High prevalence of chloroquine resistant P. vivax in Indonesia, has shifted first-line treatment to artemisinin-based combination therapies (ACTs), combined with primaquine for radical cure. Which combination is most effective and safe, needs to be established.
Methods.
We conducted a prospective open-label randomized comparison of 14 days primaquine (0.25 mg base/kg) plus either artesunate-amodiaquine (AAQ+PQ) or dihydroartemisinin-piperaquine (DHP+PQ) for the treatment of uncomplicated mono-infection P. vivax malaria in North Sumatera, Indonesia. Patients were randomized and treatments were given without prior testing for G6PD-status. The primary outcome was parasitological failure at day-42. Patients were followed up to one year.
Results.
Between December 2010 and April 2012, 331 patients were included. After AAQ+PQ, recurrent infection occurred in 0/167 patients within 42 days and in 15/130 (11.5%, 95%CI 6.6%-18.3%) within a year. With DHP+PQ this was 1/164 (0.6%, 95%CI 0.01%-3.4%) and 13/143 (9.1%, 95%CI 4.9%-15.0%), respectively (p>0.2). Intravascular hemolysis occurred in 5 patients, of which 3 males were hemizygous for G6PD-Mahidol. Minor adverse events were more frequent with AAQ+PQ.
Conclusions.
In North Sumatera, Indonesia, AAQ and DHP, both combined with primaquine, were effective for blood stage parasite clearance of uncomplicated P.vivax malaria. Both treatments were safe, but DHP+PQ was better tolerated. Registration: NCT01288820.

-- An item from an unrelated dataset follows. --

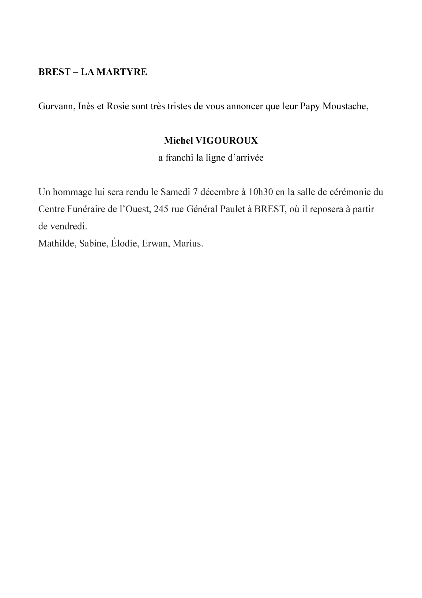 Cet espace « condoléances » est dédié à la mémoire de Monsieur Michel VIGOUROUX.

Received May 17, 2013. Revision received June 19, 2013. Accepted June 20, 2013.
? The Author 2013. Published by Oxford University Press on behalf of the Infectious Diseases Society of America.
This is an Open Access article distributed under the terms of the Creative Commons Attribution License (http://creativecommons.org/licenses/by/3.0/ ), which permits unrestricted reuse, distribution, and reproduction in any medium, provided the original work is properly cited.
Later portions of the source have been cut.